#### [Work instruction]
Exact copies of the lines below, from the one with "Die Fernbedienung erleichtert" up to and including the one with "SMALL GUNS, SMALL", are what this calls for; leave out pictures.

#### [Information shown]
▬▬▬

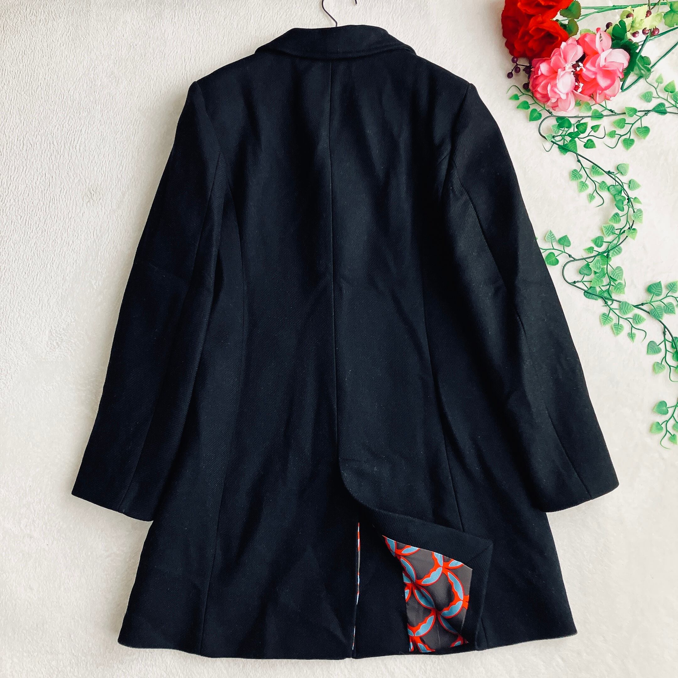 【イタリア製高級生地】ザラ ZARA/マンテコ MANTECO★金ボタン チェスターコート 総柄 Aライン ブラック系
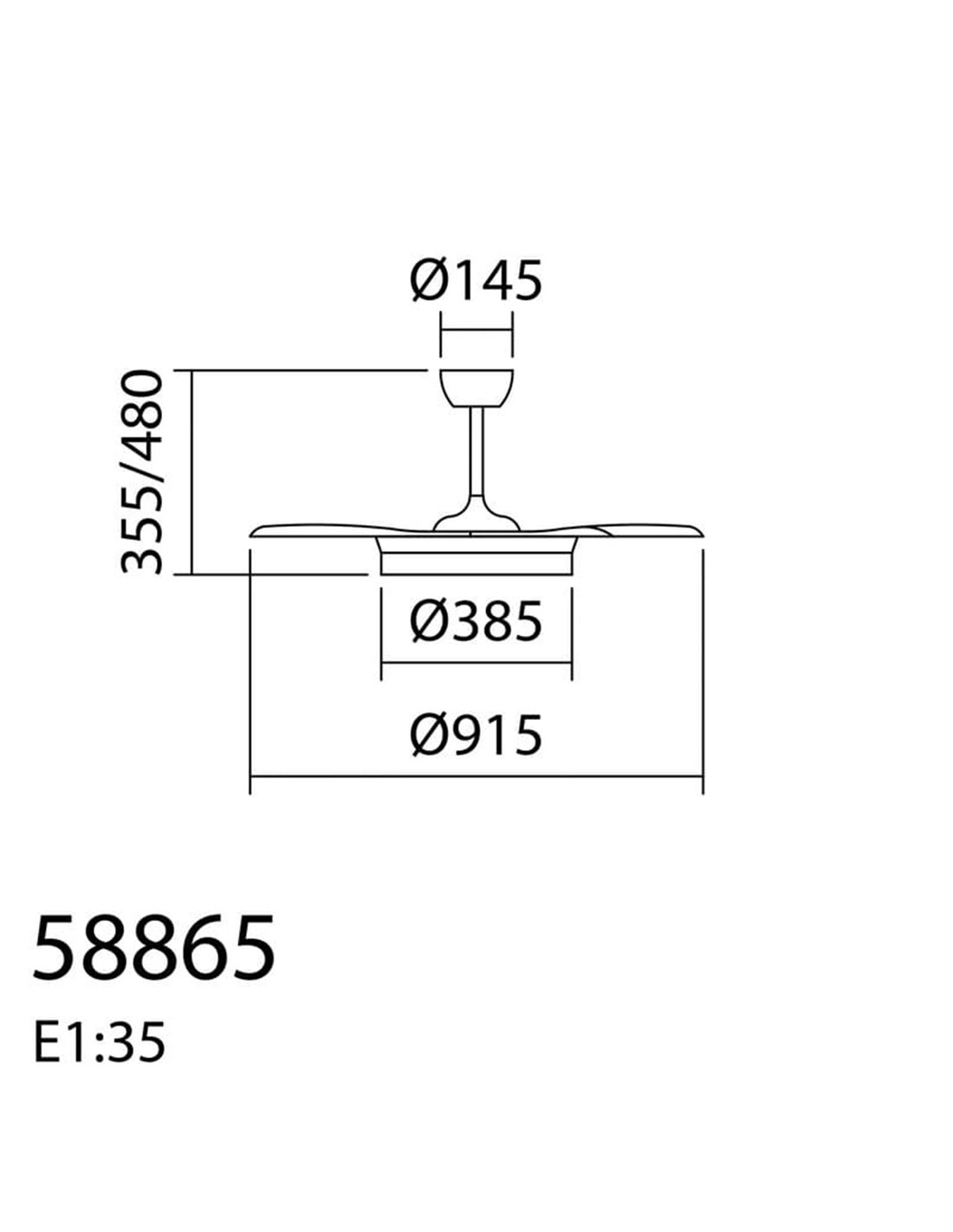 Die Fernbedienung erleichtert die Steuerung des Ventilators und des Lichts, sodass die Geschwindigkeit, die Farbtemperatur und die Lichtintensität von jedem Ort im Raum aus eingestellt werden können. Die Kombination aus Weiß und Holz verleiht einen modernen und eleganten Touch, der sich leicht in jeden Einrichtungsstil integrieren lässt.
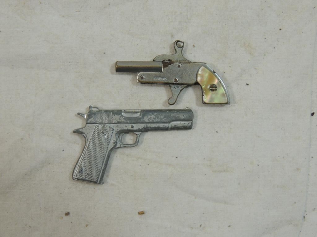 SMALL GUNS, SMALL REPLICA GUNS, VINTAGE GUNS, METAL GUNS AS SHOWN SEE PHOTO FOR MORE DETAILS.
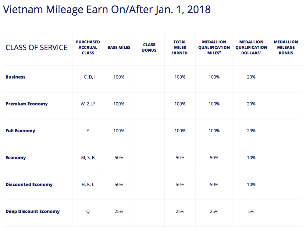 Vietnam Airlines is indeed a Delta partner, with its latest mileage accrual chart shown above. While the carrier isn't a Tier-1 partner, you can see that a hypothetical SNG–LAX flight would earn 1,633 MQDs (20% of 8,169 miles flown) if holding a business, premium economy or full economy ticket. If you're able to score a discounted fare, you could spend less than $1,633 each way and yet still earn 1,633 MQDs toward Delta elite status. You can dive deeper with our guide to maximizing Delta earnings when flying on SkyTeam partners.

▬▬▬

#### [Response to the task]
 Die Fernbedienung erleichtert die Steuerung des Ventilators und des Lichts, sodass die Geschwindigkeit, die Farbtemperatur und die Lichtintensität von jedem Ort im Raum aus eingestellt werden können. Die Kombination aus Weiß und Holz verleiht einen modernen und eleganten Touch, der sich leicht in jeden Einrichtungsstil integrieren lässt.
 SMALL GUNS, SMALL REPLICA GUNS, VINTAGE GUNS, METAL GUNS AS SHOWN SEE PHOTO FOR MORE DETAILS.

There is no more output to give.